Grossbritannien: Unklare Hepatitis bei Kindern
In Grossbritannien sind zuletzt Dutzende unüblich schwere Hepatitis-Fälle bei Kindern aufgefallen. In geringerer Zahl gibt es Berichte auch aus anderen Ländern. Wie steht es um die Lage in Deutschland und was sind mögliche Ursachen?
Das Wichtigste in Kürze
- Anders als in Grossbritannien und weiteren Ländern sehen deutsche Experten bislang keine Hepatitis-Auffälligkeiten bei Kindern hierzulande.
Bisher seien dem Robert Koch-Institut (RKI) keine Fälle bekannt geworden, teilte eine RKI-Sprecherin auf Anfrage mit. Das RKI habe mehrere medizinische Fachgesellschaften und die Länder informiert und um erhöhte Aufmerksamkeit und Information im Fall des Auftretens von ähnlichen Fällen in Deutschland gebeten.
«Vermuten wir eine bislang unbekannte Virusinfektion»
Der Generalsekretär der Deutschen Gesellschaft für Kinder- und Jugendmedizin (DGKJ), Burkhard Rodeck, sagte der Deutschen Presse-Agentur: «Wir haben nach den Berichten aus Grossbritannien die Kinder-hepatologischen Zentren in Deutschland abgefragt: Es gibt aber bisher keinerlei besorgniserregenden Signale für eine ungewöhnliche Häufung. In den Zentren wären schwere Fälle aufgefallen, wenn zum Beispiel eine Lebertransplantation nötig wird.»
«Grundsätzlich ist eine schwere Hepatitis bei Kindern eher selten. Auch dass keine klare Ursache gefunden werden kann, ist gut bekannt», sagte Rodeck. «In der Regel vermuten wir eine bislang unbekannte Virusinfektion. Es kommen mehrere Arten von Viren in Frage, nicht nur die Hepatitisviren A bis E. Die bekannten Viruserkrankungen kann man natürlich diagnostizieren, bisher nicht bekannte bleiben unklar.»
Mehr als 70 Betroffene in Grossbritannien
Zunächst war Mitte April ein Anstieg akuter Hepatitis-Fälle bei Kindern und Jugendlichen bis 16 Jahre in Grossbritannien bekannt geworden.
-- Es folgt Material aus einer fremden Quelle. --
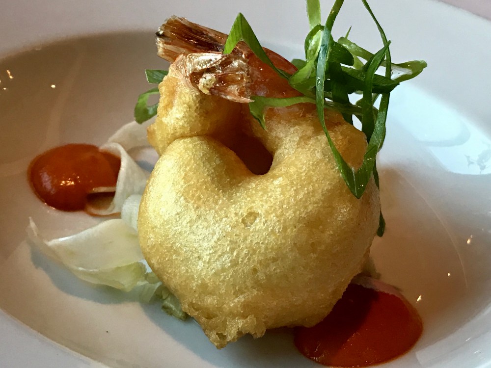 For a second course we moved to Chef Kurt’s menu. Jerry had a salad of bibb lettuce and three peas (English, snap and pea pods) — fresh and delicious. I had two fat polenta battered jumbo shrimp with fennel slaw and romesco sauce. The shrimp were fine, the slaw and sauce were superb.
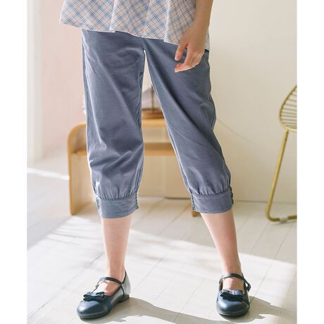 ■デザイン裾をシャーリングで絞った7分丈のパンツです。裾にボリュームを持たせつつもすっきりとしたシルエットでチュニックとのコーディネートがおすすめです。
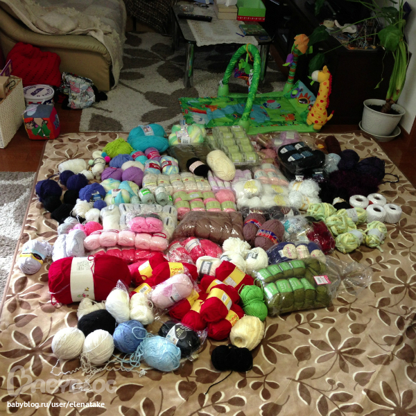Аппетитная кучка)))) У меня наверное столько же пряжи, тоже храню в ящиках под кроваткой ребенка( уже еле закрываются) Но , страсть к вязанию пока пропала, заболела вышивкой и теперь хомячу нитки , наборы и схемы))) р.s муж скоро выгонит наверно...
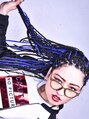 ブラックにブルーのメッシュでまとめたクールなスタイル。エクステンションで作るスタイルなので薬剤の影響による髪の毛のダメージはありません。ご予約の際ブレイズのデザインやカラーの確認が事前に必要な為お電話でのご予約とご相談宜しくお願い致します。

Es geht um mehr als 70 Betroffene, die meisten davon aus England. Die Hepatitisviren A, B, C, D und E wurden laut Behörden durch Laboruntersuchungen ausgeschlossen. In mehreren Fällen seien eine Corona-Infektion und/oder Adenoviren nachgewiesen worden.
Vergangenen Freitag berichtete die Weltgesundheitsorganisation (WHO) darüber hinaus von einigen wenigen Fällen in Irland und Spanien, die in der Folge gemeldet worden seien. Die EU-Gesundheitsbehörde ECDC sprach am Dienstag zudem noch von Fällen in Dänemark und den Niederlanden - sowie neun jungen Betroffenen im US-Bundesstaat Alabama, die ebenfalls positiv auf Adenoviren getestet worden seien. In allen Ländern liefen noch Nachforschungen. Ob es sich bei den berichteten Fällen tatsächlich um eine Häufung verglichen mit dem üblichen Geschehen handle, sei angesichts geringer Fallzahlen noch nicht ganz klar, sagte Rodeck.
Zwölf Fälle in Israel
In Israel berichtete das Gesundheitsministerium von insgesamt zwölf Fällen in den vergangenen Monaten von akuter Hepatitis bei Kindern ohne erkennbaren Grund, die in zwei Krankenhäuser eingewiesen worden waren. Die Fälle würden untersucht. In Israel werden Kinder standardmässig gegen Hepatitis A und B geimpft.
Britische Experten halten laut ECDC eine Infektion für die wahrscheinlichste Ursache, auch wenn Untersuchungen etwa auf giftige Stoffe noch laufen. Fachleute fanden der EU-Behörde zufolge keine Verbindung zu Covid-19-Impfungen. Ebenso wenig zeigte sich ein Muster bei Reisen, Lebensmitteln, Getränken und Gewohnheiten der Betroffenen.
In der Regel verläuft eine Hepatitis bei Kindern Experten zufolge oft ohne Symptome oder nur mit geringer Beeinträchtigung. Bei den betroffenen Kindern in Grossbritannien waren stark erhöhte Leberenzyme gemessen worden, viele hatten Gelbsucht. Auch von Magen-Darm-Beschwerden war die Rede, etwa Bauchschmerzen, Durchfall und Erbrechen. Fieber sei meist nicht aufgetreten. In Grossbritannien erhielten sechs Kinder eine Lebertransplantation.